Difference between char a[]="string"; char *p="string";
Your question "where can i learn all the basics of char* and char[]," is probably too general, but you can try reading the C++ spec.
Fix example 1 by changing it to
char const *test = "hello world";
Fix example 2 by changing it to
vector<std::string> test2;
test2.push_back("hello world");
Or if you really want a vector of non-owning pointers to c-strings:
vector<char const *> test2;
test2.push_back("hello world");
You can learn a lot about char*/char[] in your favorite book on C (not on C++, because C++ provides much better facilities for representing strings than C does).
The declaration/assignment
char *test = "hello world";
should be
const char *test = "hello world";
because string literals are pointers to constants. If you want a vector of strings in C++, you do it like this:
std::vector<std::string> test2;
test2.push_back("hello world");
This works, because string literals can be implicitly converted to std::string.
So the thing to remember is the difference between a pointer to a value and the value itself.
The value itself is the literal value that a variable represents as stored in memory.
A pointer is the address in memory that some value is stored at.
Pointers are useful because they allow you to access, change, and preserve changes in information across multiple functions / methods, which comes in handy when you realize you can only return one value from any function, but sometimes you want a lot more information than that.

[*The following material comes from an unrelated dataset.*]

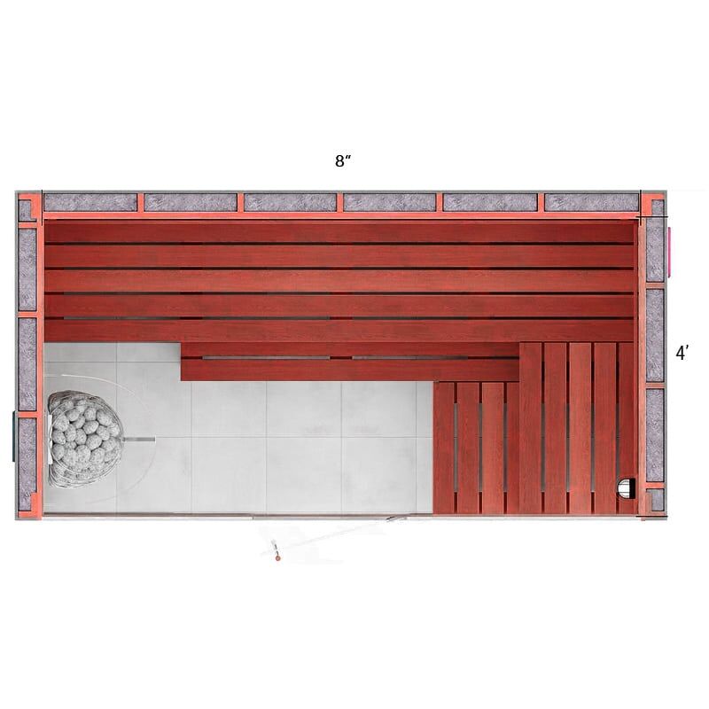 The 4x8x7 Custom Western Red Cedar Sauna Kit is our most popular sauna kit in Canada. Cedar sauna wood is strong, lightweight, and resistant to warping or shrinking over time. It also provides a cooler and more comfortable surface to sit and lean on.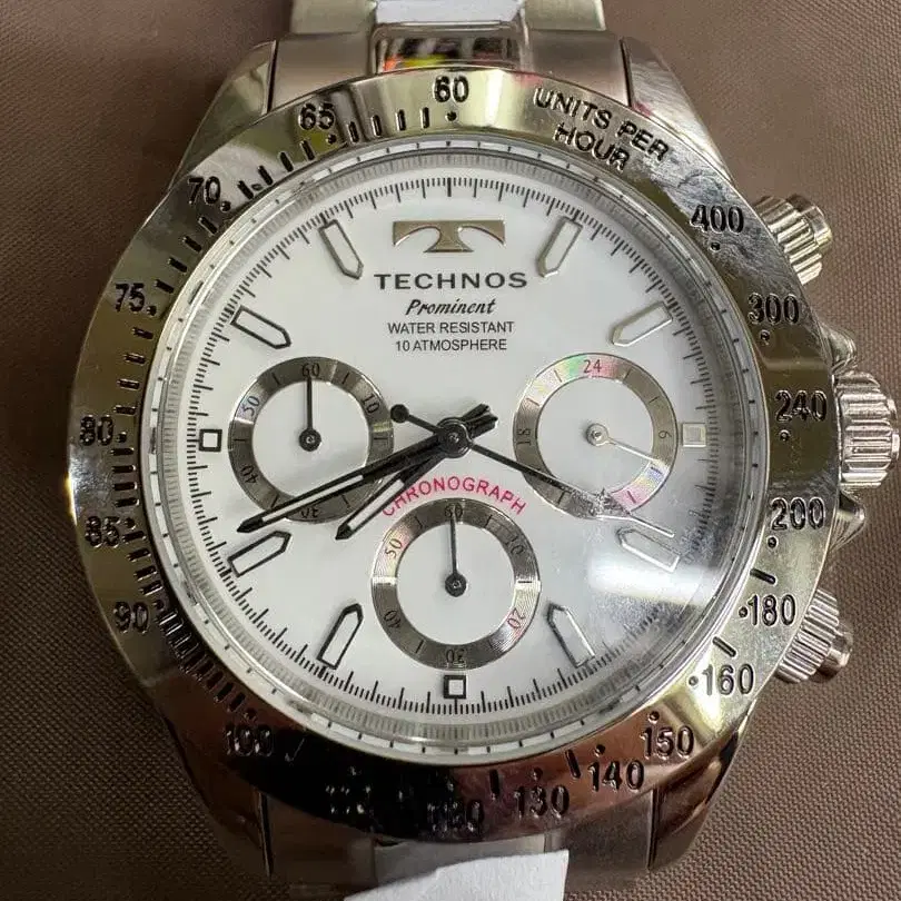 화이트 계열 다이얼 6바늘식 크로노그래프 쿼츠 방식 일상생활 방수 정가: ¥55000 세금 포함

The thing about arrays is that, while a lot of people don't realize this when first learning C++, they are pointers. A[0] isn't a variable, it's a pointer to a memory address. Arrays are handy because when declaring an array, you segment off a portion of memory reserved for use for that array. This is useful because it allows you to access the values stored in that block of memory very very quickly.
So really, there's not that much difference between declaring a pointer (char*) and an array (char[]) other than that the pointer will refer to a single location in memory while the array will refer to set of contiguous locations in memory.
To learn more about pointers and how to use them properly, visit http://www.cplusplus.com/doc/tutorial/pointers/ .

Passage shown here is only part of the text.